Say Hey from Alaska. 

My problem is the head lights fail to come on. I have ran meter tests on the combo switch and all pass. Futher checking indicates that I do not get 12 VDC to the head lights other than the flash to pass which works fine. Fuse is good, can get them to turn on by bypassing from pin 16 to either 14 lo beam or 15 high beam, Pin 17 which according to my book is the comon between the two does not supply voltage. I fully believe it is the lighting control relay but can not find it. Have found the parking light relay on the right side. Anyone can you help me. Hate driving with the Flash to Pass locked on.


----------



## sclark85 (Mar 24, 2006)

*my reply to your question.*

im no real genius, but i know a little bit about electrical systems, and if it was me i would find your positive/hot at all times wire thats connected to the headlight bulb, and find out where that wire leads to, and i would have to say that somewhere in between the bulb and the switch you might have a split or freyed wire thats shorting out or making contact with a piece of metal or another wire. thats all the help i can give you and i hope it serves you well.


----------



## Volt-Schwibe (Jan 12, 2003)

also, there should be a wire that is for grounding the headlights, and if this gets corroded, it will shut the lights off.

what i always do, is to unscrew the ground wire, and sand under it, and sand the metal eyelet on the end of the wire too. then i coat them lightly with vasaline, and re-assemble.

you should be able to trace the headlight wires to a ground located near the radiator.


----------



## JamesO (Mar 30, 2005)

Headlight relay location:

http://www.autozone.com/servlet/UiB...redQuestion&Parameters=|~HEADLIGHT&PageSync=5

This link might be also be helpful.

Look at figure #6.

http://www.autozone.com/servlet/UiB..._us/0900823d/80/22/2c/81/0900823d80222c81.jsp

JamesO


----------



## Mullet Man (Oct 9, 2005)

May need a "Multi-function" switch. I have seen this happen with Ford products.

That is the Turn signal/high beam/headlight switch.


----------



## Midnight Tech (Dec 31, 2001)

Mullet Man said:


> May need a "Multi-function" switch.
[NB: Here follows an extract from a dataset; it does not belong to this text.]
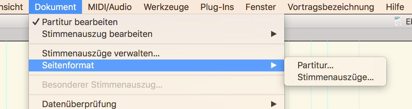 Erst mal sollte die Partitur so eingerichtet sein, dass beim Erstellen der Stimmenauszüge möglichst viel schon richtig ist. Bei einer Menge von (Blasorchester-typisch ~20 Stimmen) lohnen sich gewissenhafte und ausführliche Voreinstellungen. Vor allem im Fenster Dokument->Seitenformat->Stimmenauszüge, insbesondere die Skalierung und die Positionierung der Akkoladen.

I have seen this happen with Ford products.
> 
> That is the Turn signal/high beam/headlight switch.


That seems to be a common problem on all the late model cars...not just Fords. S10 trucks/Blazers are also beginning to show signs of this problem as well.
They running too much stuff through that one control IMHO.


----------



## bababear (Mar 21, 2006)

Ok, thanks for the replaies and help. So far what I have found is that We have flash to pass, which by-passes the relay and the warning chimes do come on. Parking lights work also, horn does not, so I am wondering if the ground to the combo is part of the problem. Pin 17 is where the power comes in from the relay. Pin 14 is for the low beams and pin 15 is high. Continuity checks on these are good. Pin 16 is hot and goes to pin 15 for the flash to pass. Jumping from 16 to 14 or 15 the head lights come on. 
I need to find this relay to find out where the ground comes from in the combo plug and do a direct test to see if it is working or has failed. If it does work then I know its the combo and will spend the bucks to replace it. If not cheaper to replace relay than combo switch.


----------



## Mullet Man (Oct 9, 2005)

Good luck!


----------



## bababear (Mar 21, 2006)

Success!!! As I figured it was not the switch and with the schematic from the site JameO sent I found the relay and wires going to it and back to the switch. From there I was able to find a break in control wire to the relay and repaired it. The lights now work as advertised.

GREAT BIG THANKS TO EVERYONE HERE FOR THEIR HELP.

HAVE A GREAT DAY AND BETTER TOMORROW.

RICK


----------